I wish to comment on four specific issues, starting with the frozen mortgage funds and cash management funds. In response to the unlimited bank guarantee, funds were being drained from mortgage funds and cash management funds into the perceived security of major banks, to the point where the majority of mortgage funds were frozen. In fact, funds worth $17.268 billion were frozen and continue to be frozen. ASIC has received 3,385 hardship applications, of which 81 per cent have been successful. About $67 million has been laid out. The committee will continue to receive updates on the frozen mortgage funds and the issue of hardship cases and the percentages of them being paid out.

As the chair of the committee, the member for Oxley, pointed out, one of the key recommendations of the committee is the establishment of a professional standards board. The committee was concerned about the collapse of Storm Financial, Opes Prime and others and that there was no overarching standards body that would decide the standards of financial planners and financial advisers. ASIC has agreed to the recommendation in principle, yet to date little action has occurred. The committee will look forward with interest in the coming months to ASIC scoping out exactly how a standards board would look and briefing the committee on their proposal and recommendations for such a board. We believe this recommendation to be of such importance that this issue needs to be raised to a high priority.

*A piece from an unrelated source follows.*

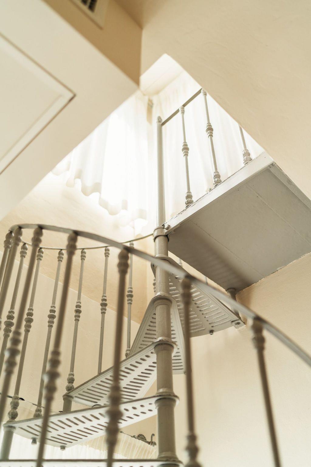 Die Unterkunft mit einer Fläche von ca. 37 m² erstreckt sich über vier Etagen, die durch eine charakteristische gusseiserne Wendeltreppe verbunden sind, die bis zum Dach des Turms führt: ein einzigartiges Detail, das das Erlebnis wirklich besonders macht.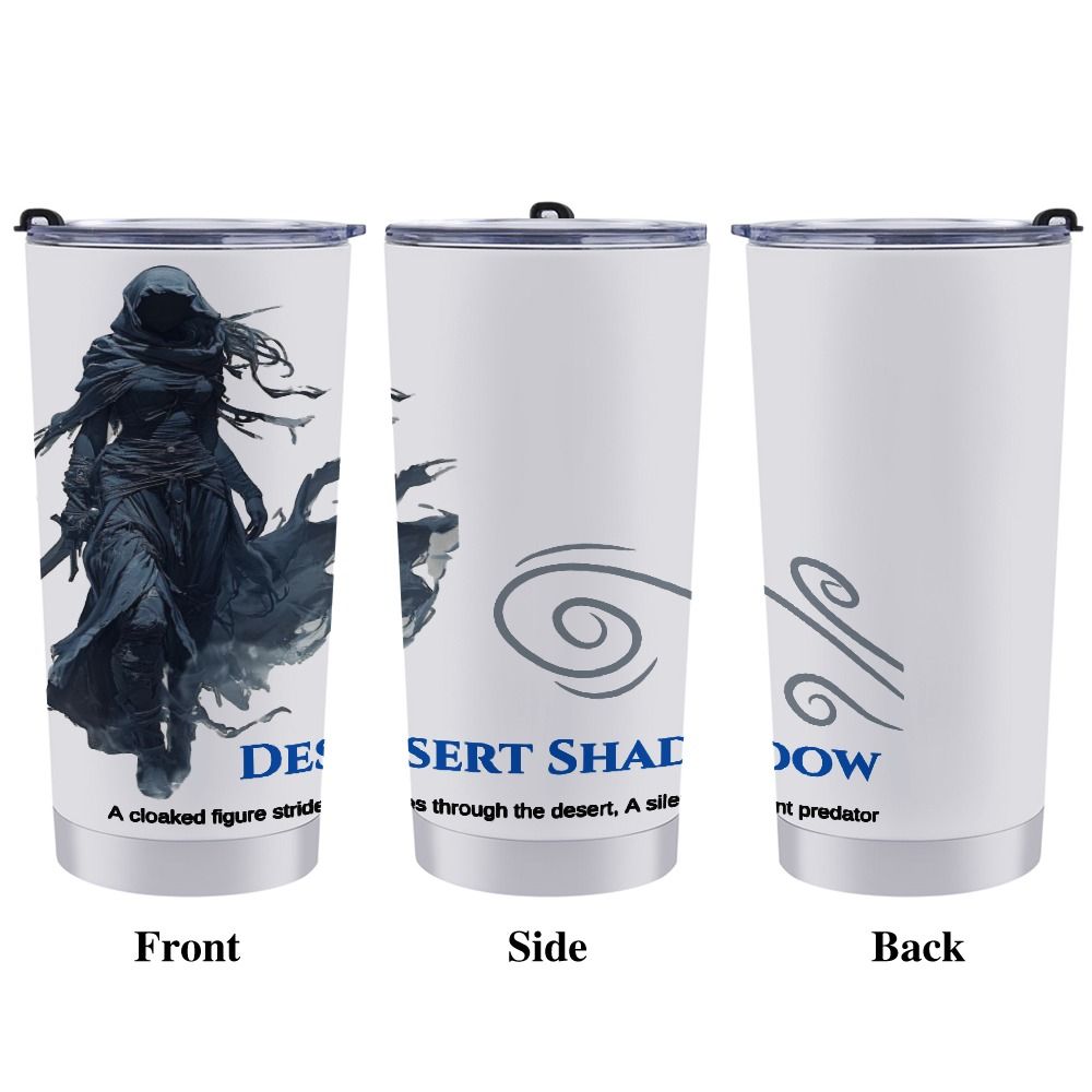 Elevate your coffee experience with the Desert Shadow Stainless Steel Travel Coffee Mug, featuring an exclusive art design that embodies the mystery and elegance of desert wanderers. This mug combines artistic flair with practical functionality, making it perfect for daily use or travel.

The media has shown some criticism of ASIC through a range of court initiated actions, including some failures of court initiated actions. The committee remains concerned about those, and of course there is always room for improvement. We note that ASIC will be coming back again to discuss further a range of these issues, their approach and where they are going.

With respect to insolvency in the 2008-09 financial year, 45 directors were banned. ASIC’s role, though, continues to be seen in a reactive form rather than a proactive form. The committee is looking forward to ASIC stepping up the proactive stance in looking at a range of directors who have been involved in multiple failures of corporations, working with them and, if need be, banning them from their functions.

The committee has done, I think, a very good job in providing oversight to ASIC for the 2009 financial year and in looking forward to the 2010 financial year. Again, let me join the member for Oxley in thanking the committee, the secretariat and ASIC for their hard work, diligence, cooperation and interest.